Reality and Artificiality in White Noise
In the second part of White Noise, DeLillo focuses on how artificially and simulations play a significant role in people’s lives, which distances them from reality. He provides instances to show how people use simulations to gain power and meaning that reality is unable to provide. DeLillo also shows ways that simulations become more real than the actual event. This blurring between reality and artificiality eventually contributes to the confusion present throughout the novel as it becomes increasingly difficult to distinguish between what is actually occurring and what the characters perceive.
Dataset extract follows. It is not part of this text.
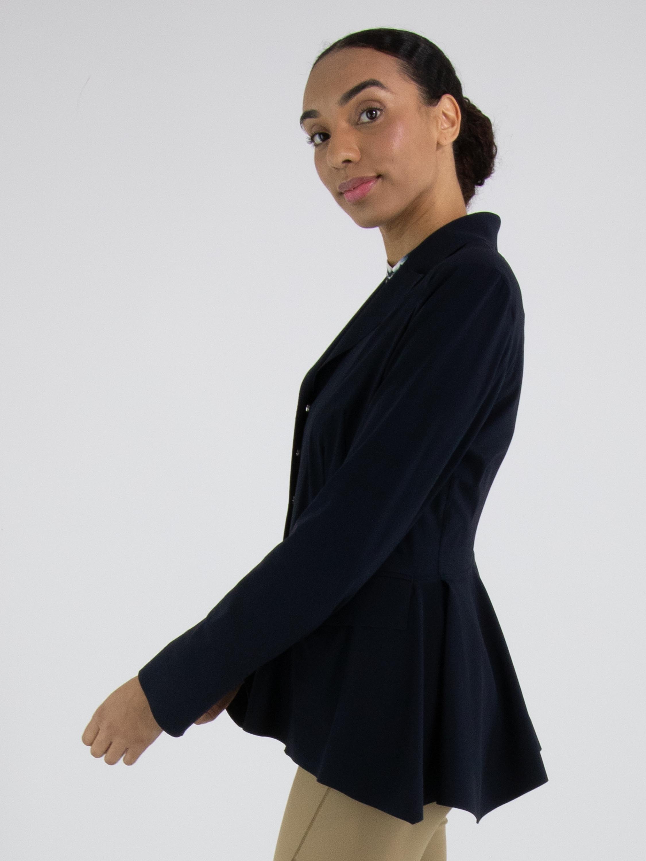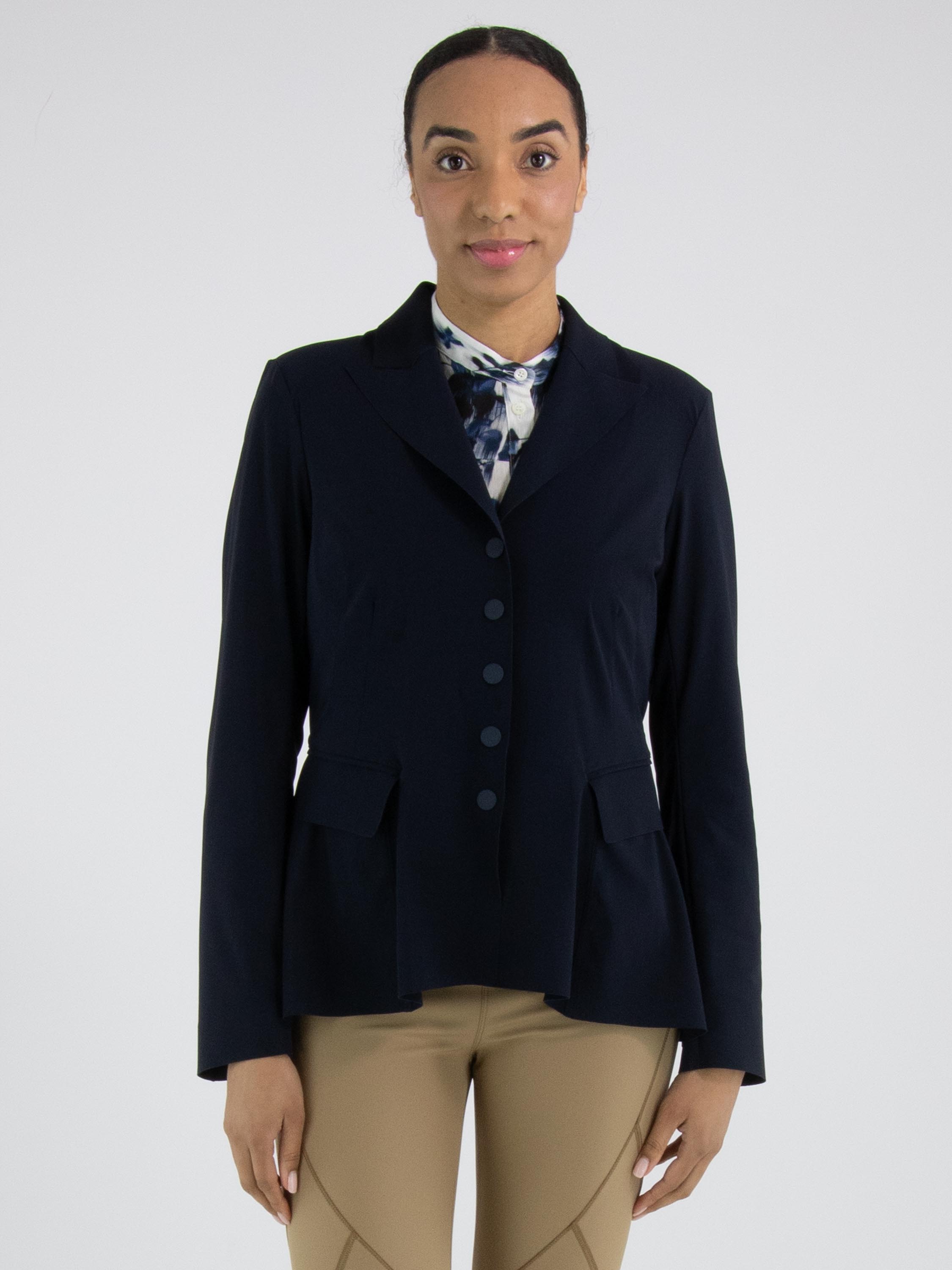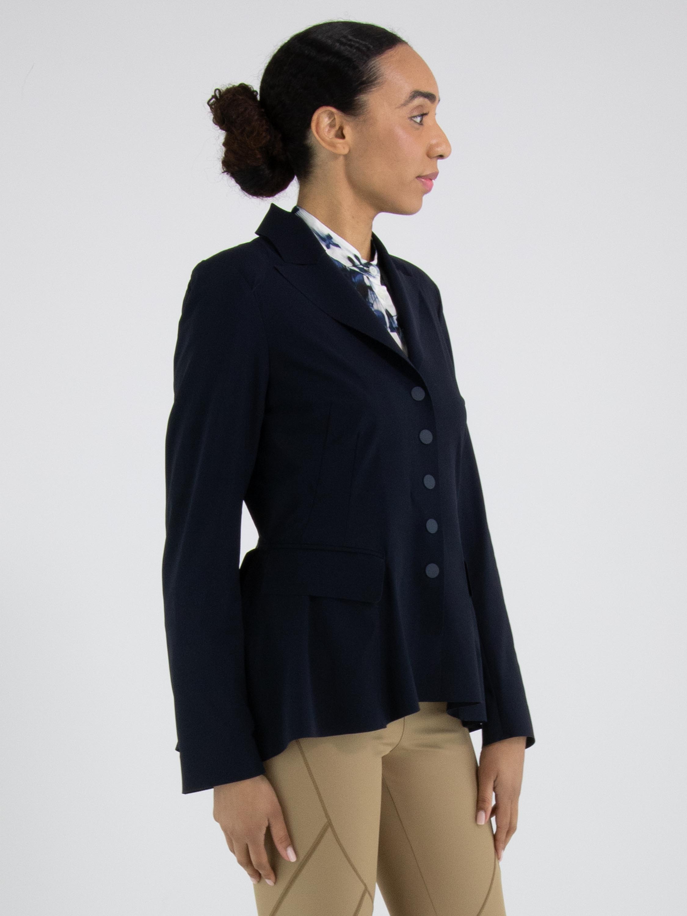Ein Blazer von High Tech in Marineblau. Der Blazer hat eine Schließe mit fünf Druckknöpfen. Auf der Rückseite befindet sich auf Taillenhöhe eine Naht, von der aus der Stoff nach unten weich und wellenförmig gelegt ist. Oberhalb dieser Naht verlaufen mehrere Taillennähte. Der Blazer ist ungefüttert und kann per Hand gewaschen werden.
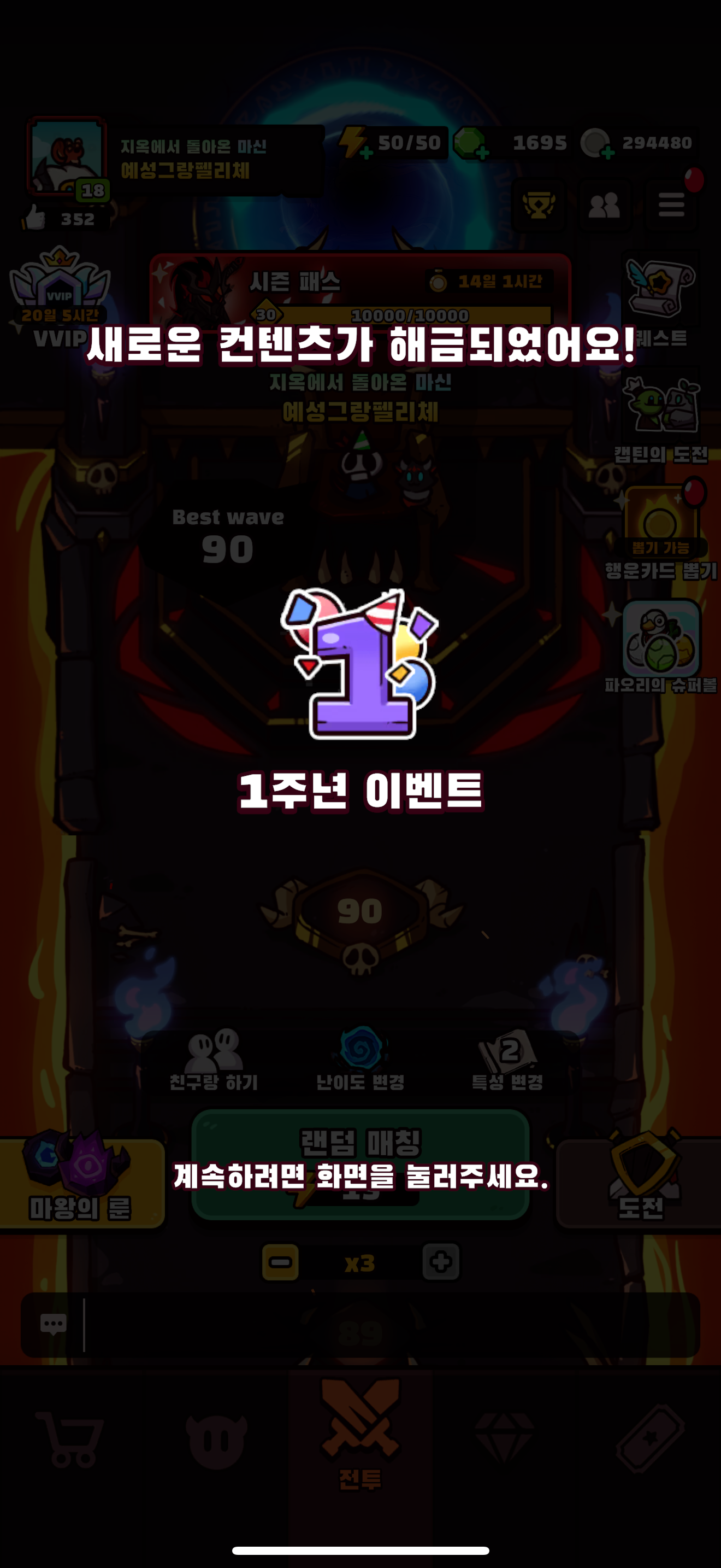 안녕하세요 카산입니다. 제가 요즘 자주 플레이하고 있는 게임 협동타워디펜스가 1주년이 되었다네요.

The way people use artificial means to gain a sense of control and significance is evident when Murray pays a woman twenty five dollars to pretend to choke so he can perform the Heimlick maneuver on her. Murray does not care that the event is staged as long as it looks real. He says “As long as she makes gagging and choking sounds. As long as she sighs deeply when I jolt the pelvis. As long as she collapses helplessly into my life-saving embrace”(DeLillo 153). The woman appearing to choke and Murray saving her will make him look like a hero. It will give him a sense of power, respect, and importance he has never experienced before. He believes that people will look up at him as somebody who is reliable and helpful to others. In his perspective the simulation becomes just as powerful and meaningful as actually saving someone’s life.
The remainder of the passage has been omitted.